アホアホ怪獣図鑑

主に日本以外のくだらない怪獣や酷い怪物をご紹介。
第16回 もう一度あけてくれ
ドクターフーの嘆きの天使

第一次怪獣ブームをまきおこすきっかけとなった「ウルトラQ」は、最初の放映の時、編成の都合で28番目の最後の1本だけが放送されませんでした。ただ、今と違って情報のゆきとどかない昭和41年ですから、一介のジャリにすぎない私はそんなことを知るよしもなく、「Q」は27本、と思っていたわけです。
ところが1年ぐらいあとでしょうか、夕方何気なく再放送の「ウルトラQ」をつけると、いきなり見たことのない、しかも「悪魔っ子」ぐらい気持ちの悪い、かつSFな話が!!ゲゲゲゲゲッ、と驚く夏の夕暮れ。この話が、第28話「あけてくれ」でした。このときの衝撃が、私の中に「ウルトラQはまだもっとあるんじゃないか妄想」を、強烈に形成します。
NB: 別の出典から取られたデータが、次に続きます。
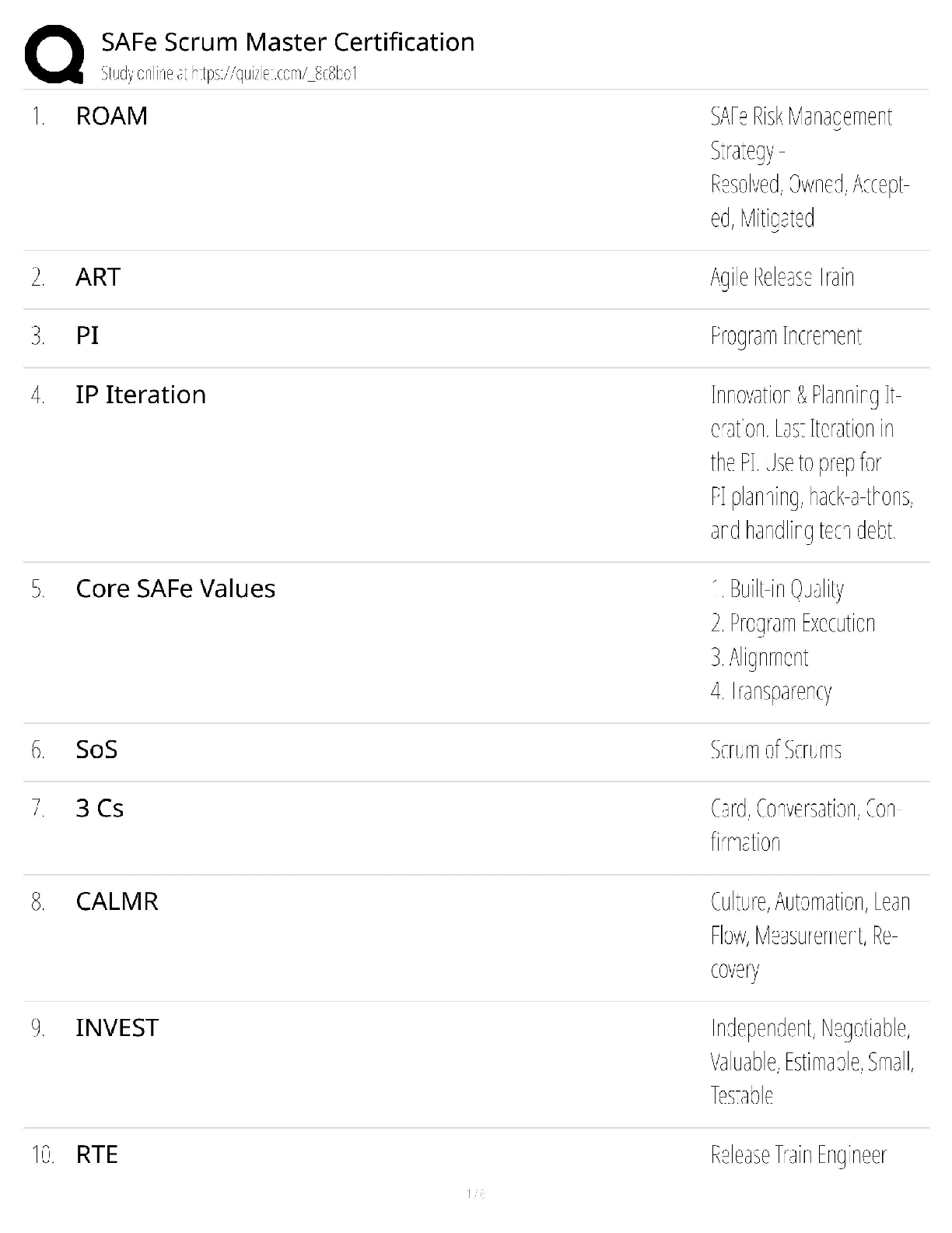 Ace your SAFe 6.0 Scrum Master (SSM) certification exam with ease using our comprehensive and up-to-date study guide for the 2025/2026 academic year. This essential resource provides a detailed breakdown of all the critical acronyms, core values, and key concepts you need to know. From understanding ROAM for risk management and the structure of an Agile Release Train (ART) to mastering the principles of Program Increments (PI) and the INVEST criteria, this guide has you covered. Designed specifically to help you pass on your very first attempt, this guide simplifies complex SAFe terminology and ensures you have the foundational knowledge required for success. Stop worrying about resits and start your journey to becoming a certified SAFe Scrum Master today!

後年「アウターリミッツ」を再発見したときに、やっぱり外国にウルトラQがあったのだ!、と思いました。イギリスの「Out of This World」もそーなんじゃないかなーと推測したりはしてるんですが、ただまあ、数年前の本家のリメイクは別物でしたし、SFマインドの細った昨今の新作では、「Q」にはならないだろうなー、と思っていたわけです、ドクター・フーの第3シリーズ第10話「Blink」(2007)を見るまでは。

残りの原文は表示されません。